* Problem to solve: Copy the records below exactly, but leave out any picture they contain.

* Input data:

____

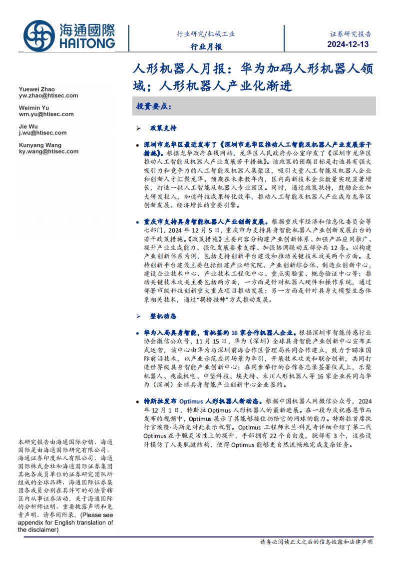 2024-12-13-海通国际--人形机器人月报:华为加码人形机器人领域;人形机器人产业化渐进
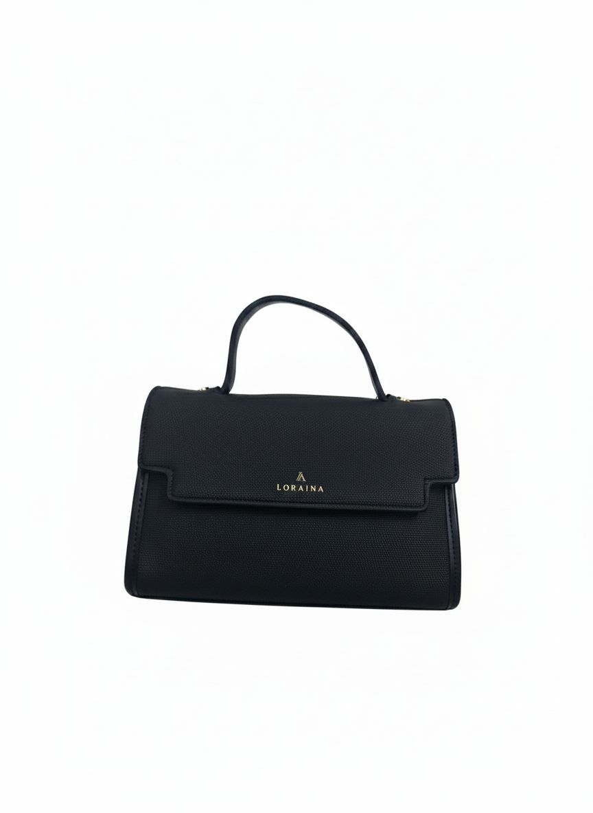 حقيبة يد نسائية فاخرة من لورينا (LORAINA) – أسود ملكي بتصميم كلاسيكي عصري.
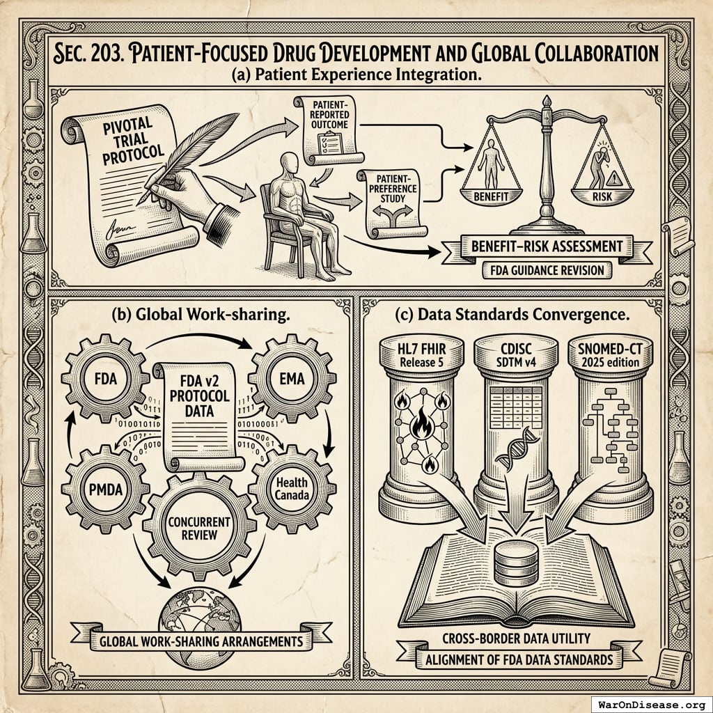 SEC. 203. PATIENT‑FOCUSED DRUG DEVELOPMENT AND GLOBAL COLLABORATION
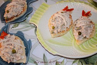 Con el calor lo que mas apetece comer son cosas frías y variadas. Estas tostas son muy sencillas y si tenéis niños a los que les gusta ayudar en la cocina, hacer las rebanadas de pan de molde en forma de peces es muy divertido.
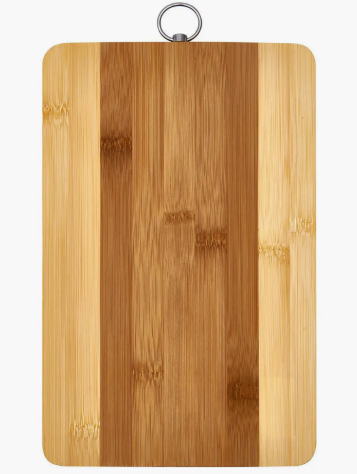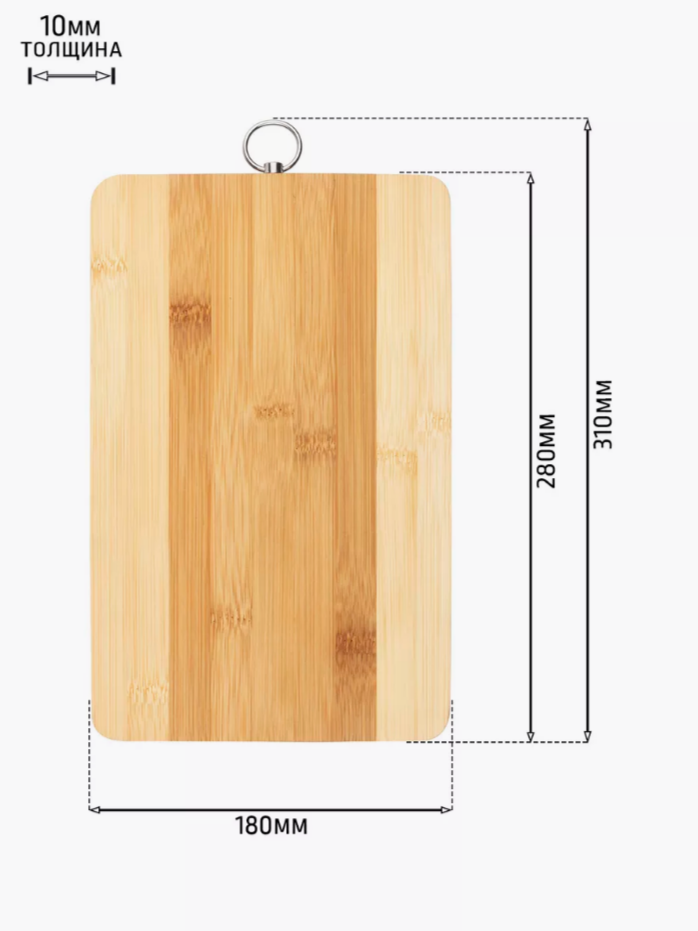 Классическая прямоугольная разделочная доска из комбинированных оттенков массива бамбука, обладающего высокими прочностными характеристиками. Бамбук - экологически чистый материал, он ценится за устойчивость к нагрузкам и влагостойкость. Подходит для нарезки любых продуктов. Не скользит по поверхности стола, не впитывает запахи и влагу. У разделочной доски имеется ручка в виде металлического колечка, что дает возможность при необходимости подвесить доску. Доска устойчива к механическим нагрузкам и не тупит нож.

____

* Exercise response:
 2024-12-13-海通国际--人形机器人月报:华为加码人形机器人领域;人形机器人产业化渐进
 حقيبة يد نسائية فاخرة من لورينا (LORAINA) – أسود ملكي بتصميم كلاسيكي عصري.
 SEC. 203. PATIENT‑FOCUSED DRUG DEVELOPMENT AND GLOBAL COLLABORATION
 Con el calor lo que mas apetece comer son cosas frías y variadas. Estas tostas son muy sencillas y si tenéis niños a los que les gusta ayudar en la cocina, hacer las rebanadas de pan de molde en forma de peces es muy divertido.
 Классическая прямоугольная разделочная доска из комбинированных оттенков массива бамбука, обладающего высокими прочностными характеристиками. Бамбук - экологически чистый материал, он ценится за устойчивость к нагрузкам и влагостойкость. Подходит для нарезки любых продуктов. Не скользит по поверхности стола, не впитывает запахи и влагу. У разделочной доски имеется ручка в виде металлического колечка, что дает возможность при необходимости подвесить доску. Доска устойчива к механическим нагрузкам и не тупит нож.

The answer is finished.